Some problems with this explanation as it stands...

When you consider that a very tall tree ( 300 ft; redwoods) may require a water potential of -20 atmospheres for flow to occur, many questions arise...

  • Can water withstand tensions of -20 to -30 atmospheres? If not, embolisms ( breakage of water column with formation of gas bubble) would occur
  • Is adhesion enough to support such a long column and prevent gravity from draining the column? Or in fact is the resistance induced by matric potential actually slowing water flow?

These and many other questions have caused some to speculate on a modification of the TACT explanation.

Since the 1990's, the compensating-pressure theory has arisen to deal with some of these concerns. U. Zimmerman of Germany developed a microcapillary manometer which measures pressure directly. He found:

a. water potential values only in the range of +0.2 - -0.2 MPa, not the -1-2 MPa required for flow in tall plants.

b. he found cavitation to occur at less than -0.2 MPa on a regular basis.. This runs counter to the idea that embolisms only occur rarely, generally at the end of the growing season. If this is true then how do plants 'fix' the column break?.

A number of physiologists disagree with his methods and interpretation, yet they warrant a closer look...

The new theory stipulates the following:

1. living cells generate positive pressure: we know this as turgor pressure - when vacuoles fill with water they press against the rigid wall and generate a + pressure... This pressure can be quite strong, as when a seedling pushes through soil or when a closed bottle is filled with bean seeds and water... as the seeds absorb the water and expand they can generate enough pressure to crack the glass or lift the lid.

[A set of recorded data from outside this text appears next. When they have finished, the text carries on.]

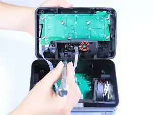 Используя крестовую отвёртку №1, выкрутите два 7-мм винта крестообразного типа, которые крепят док-станцию iPhone к верхней крышке часов.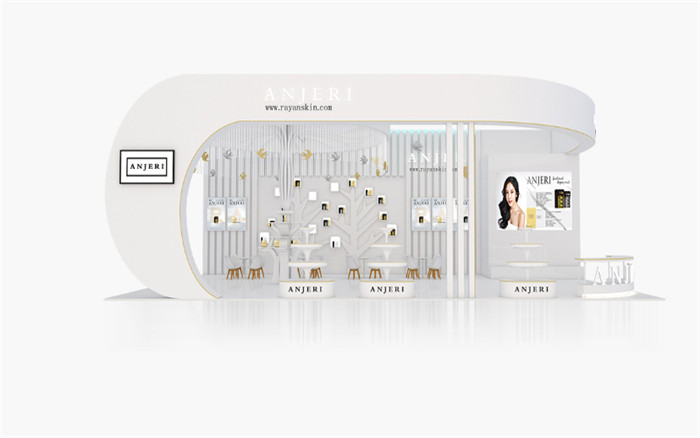 ANJERI的美博会搭建布置中,采用三面开造型设计,主体以白色为主,方便展示企业形象、以及产品信息。使得展台简洁、明亮。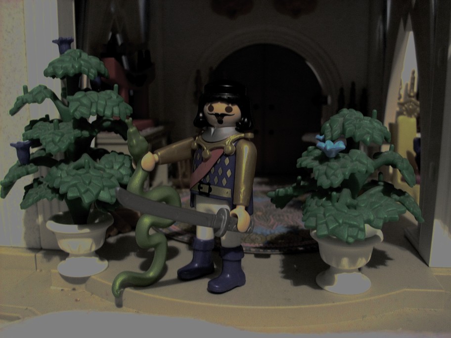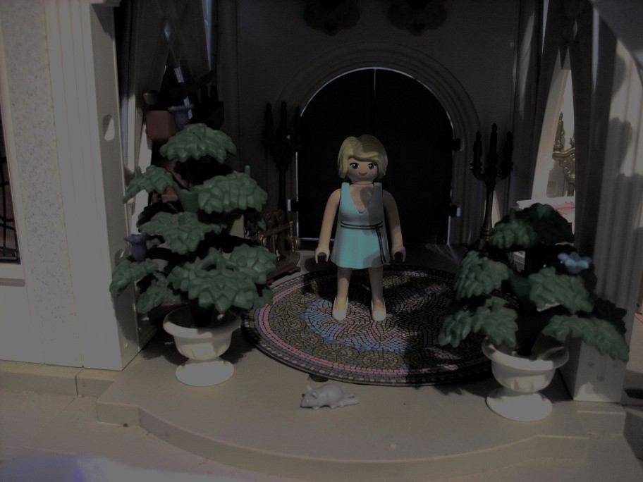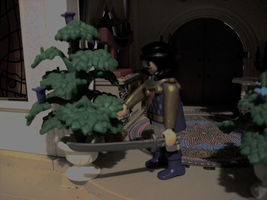 Dieses Mal hat Blitz etwas gehört. Und mit einem Schwert bewaffnet geht er Vorsichtig durch die Räume

If living cells line the dead xylem they could generate enough pressure to cause embolisms to refill by squeezing water out of the cells and into the xylem by reverse osmosis. There must be a reservoir of water available to these cells

2. there needs to be 'valves' at both ends to prevent the dissipation of the + pressure; pressure in the xylem has no influence on these valves. In the leaf As water loss in the leaf is due to gas diffusion, not pressure in the xylem, the mesophyll is a sufficient valve. The roots however need to produce a positive pressure, as in the case of guttation, to reestablish a column of water in the xylem which no longer exhibits negative pressure. This is possible.

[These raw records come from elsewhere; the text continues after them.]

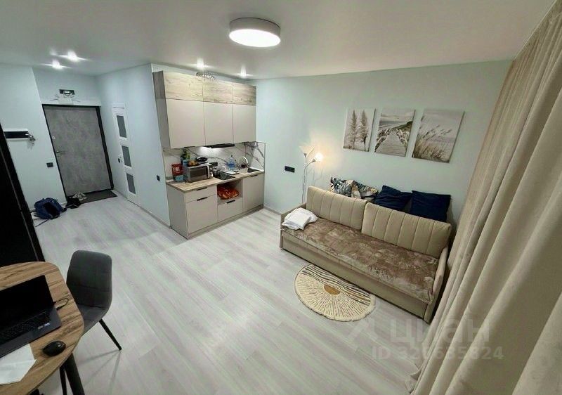 Пpoдaю видовую квартиру-студию в монолитном ЖК "Нoвые Kотeльники" с готовой отделкой, полностью укомплектованную всей необходимой новой мебелью и техникой. Всё, что на фото, остаётся новым хозяевам, в том числе техника. Заезжай и живи.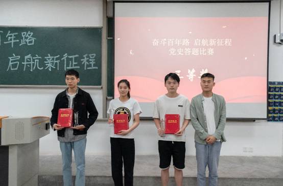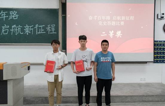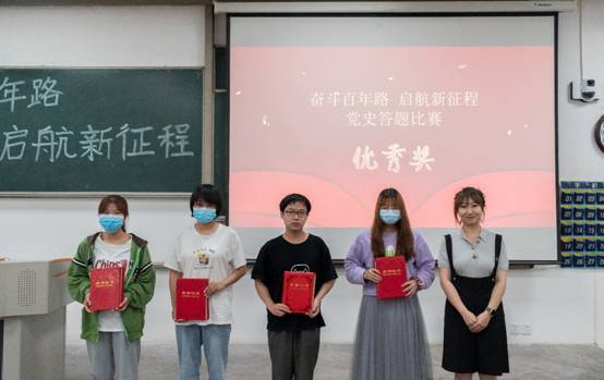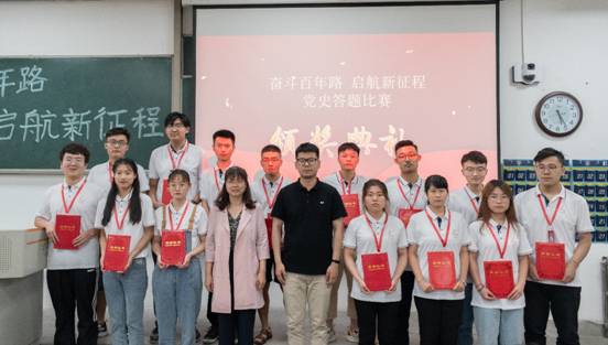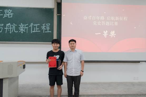 随后,计算机学院辅导员李凯、解军强、于杰及学生处处长助理何鹏程四位老师分别为荣获本次比赛的优秀奖、三等奖、二等奖及一等学生奖颁发奖杯及证书。计算机学院党委副书记李明芳、团委书记孙君两位老师为“e起学党史”团队成员颁奖并合影留念�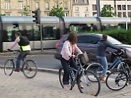 Illustration cyclistes et tramway -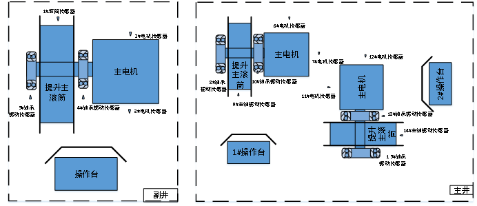 在主、副井提升机电机、减速箱本体上,按相关设备的技术要设置振动监测点;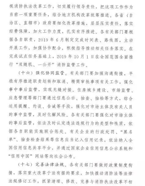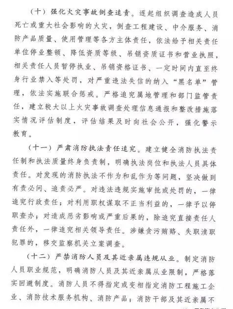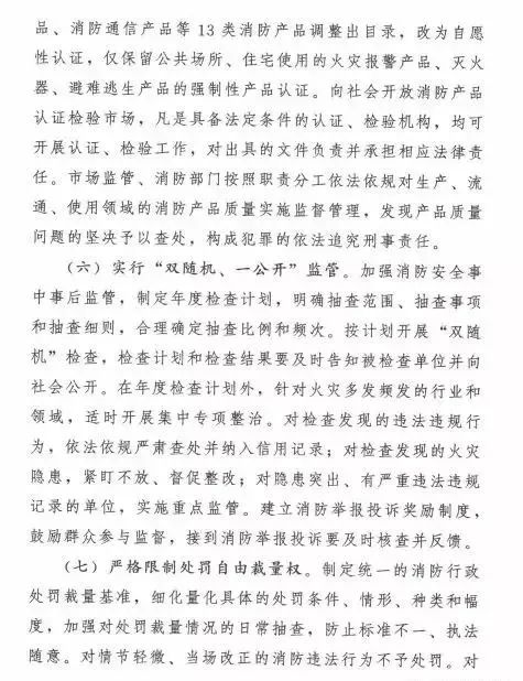 在加強事中事后監管方面,實行“雙隨機、一公開”監管,明確抽查范圍、抽查事項和抽查細則,合理確定抽查比例和頻次;針對火災多發頻發的行業和領域,適時開展集中專項整治,對隱患突出、有嚴重違法違規記錄的單位,實施重點監管;建立消防舉報投訴獎勵制度,鼓勵群眾參與監督;將消防違法違規行為記入信用記錄,嚴重違法失信企業納入“黑名單”管理,依法實施聯合懲戒;完善“互聯網+監管”,運用物聯網和大數據技術,實時化、智能化評估消防安全風險,實現精準監管;強化火災事故倒查追責,逐起組織調查造成人員死亡或造成重大社會影響的火災,倒查工程建設、中介服務、消防產品質量、使用管理等各方主體責任,嚴肅責任追究。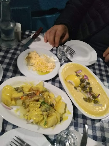 We ordered tirokafteri, fava, potato salad, liver (large), and 200 ml of raki. Raki was ok, tirokafteri was tasty, potato salad was chunky and nothing special. I liked that the liver was juicy, but it's a matter of taste; some might find it a tad undercooked. The fava was steaming and practically in liquid form as it was probably microwaved. Its taste was underwhelming, too. All this and an additional portion of bread cost us 27 Euros. I also inquired about the rakomelo but didn't order when the waiter said they served it cold. I thought the service was fast; the bread and raki came first, then the mezes appeared one by one, and before we were done with them the liver was served.

3. As with the cohesion theory, evaporation pulls water up the xylem. Living cells however prevent the breaking of the water column by tension by raising the working pressure in the water column to 0 atmospheres and secondly it pushes water from reservoir cells to repair embolisms when they occur.

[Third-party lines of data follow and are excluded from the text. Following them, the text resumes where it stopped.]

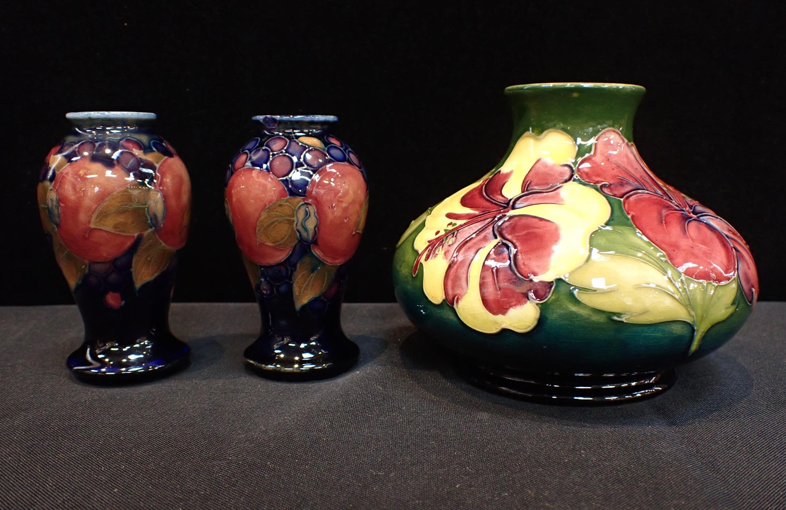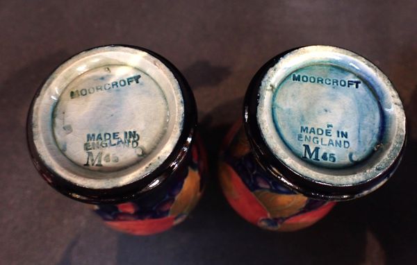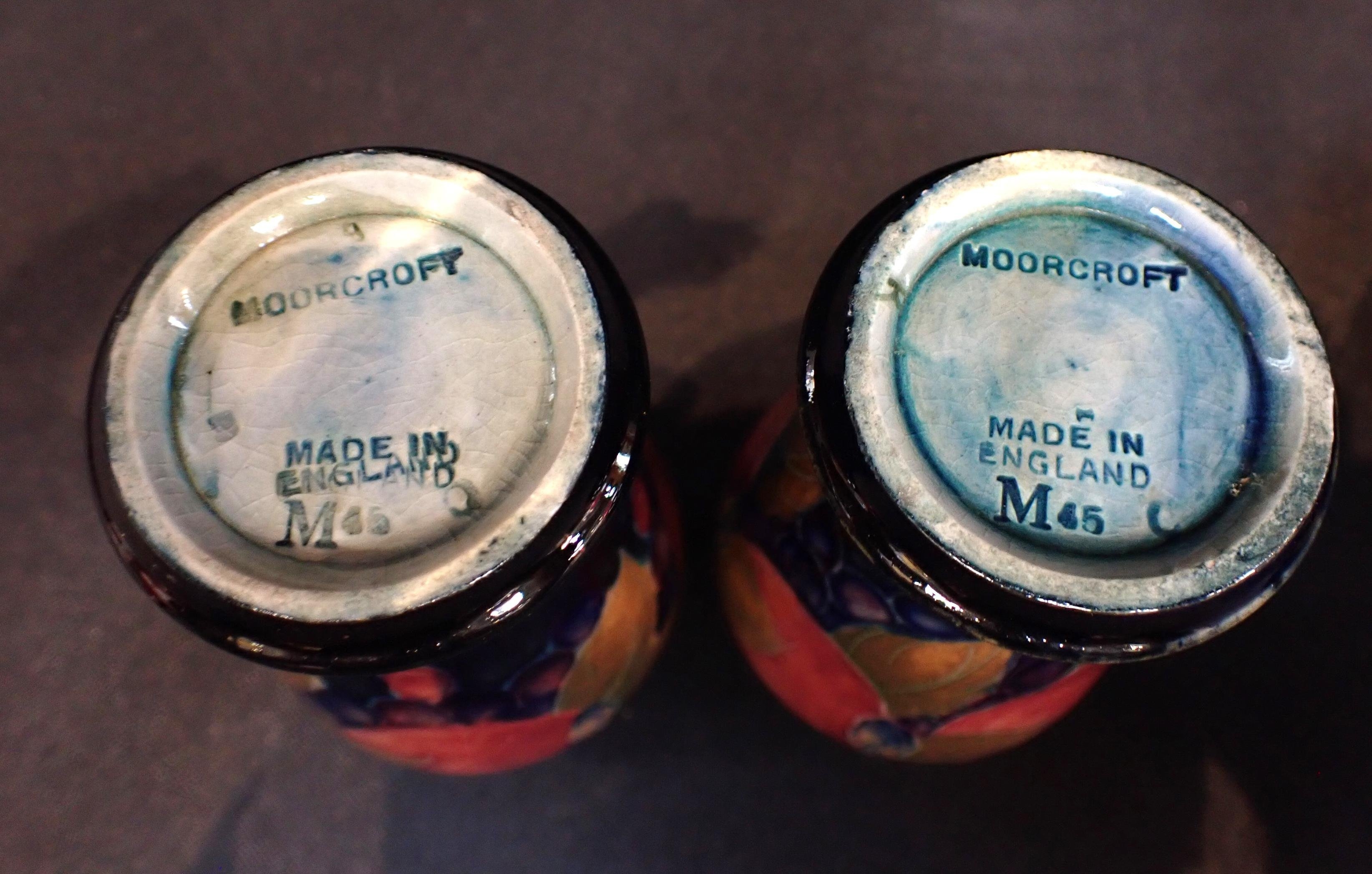 MOORCROFT: A PAIR OF SMALL POMEGRANATE VASES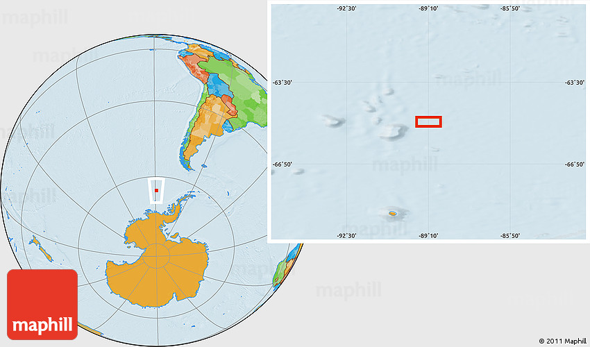 Maphill is a collection of map images. This image combines a political map with the globe centered on the area around 65° 6' 3" S, 89° 10' 30" W. Use the buttons under the image to switch to different map types.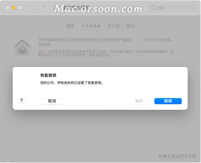 4.如果文件保险箱已关闭,请打开“安全性与隐私”偏好设置并开启“文件保险箱”。您应该会看到一条信息,表明您的公司、学校或组织已设置了恢复密钥。点按“继续”。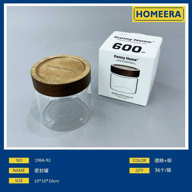 Eco-Friendly 600ml Sealed Glass Jar Wooden Lid 10x10x10cm Kitchen Storage Spices Jar Cover Condiments Container for Restaurants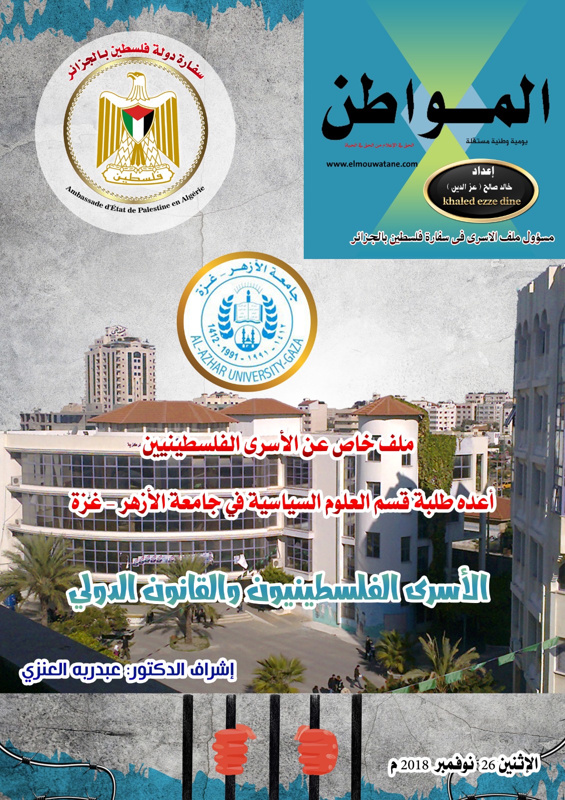 أصدرت جريدة المواطن الجزائرية، اليوم الاثنين، وبالتعاون والتنسيق مع سفارة فلسطين بالجزائر ومن خلال الأسير المحرر، خالد صالح (عزالدين) مسؤول ملف الأسرى الفلسطينيين فى السفارة ، ملفاً خاصاً عن الأسرى الفلسطينيين.

The close proximity of phloem or parenchyma cells to the xylem could act as the water reservoir, and the conversion of starch to sugar which we know exists in parenchyma (from our review of slides of root and stem tissues weeks ago) would allow a flux of water into these cells to generate a high + pressure.

For further explanation see the paper: Transporting water in plants by M.J. Canny ( 1998) American Scientist Vol 86' 152-159 from which the above discussion heavily borrows from.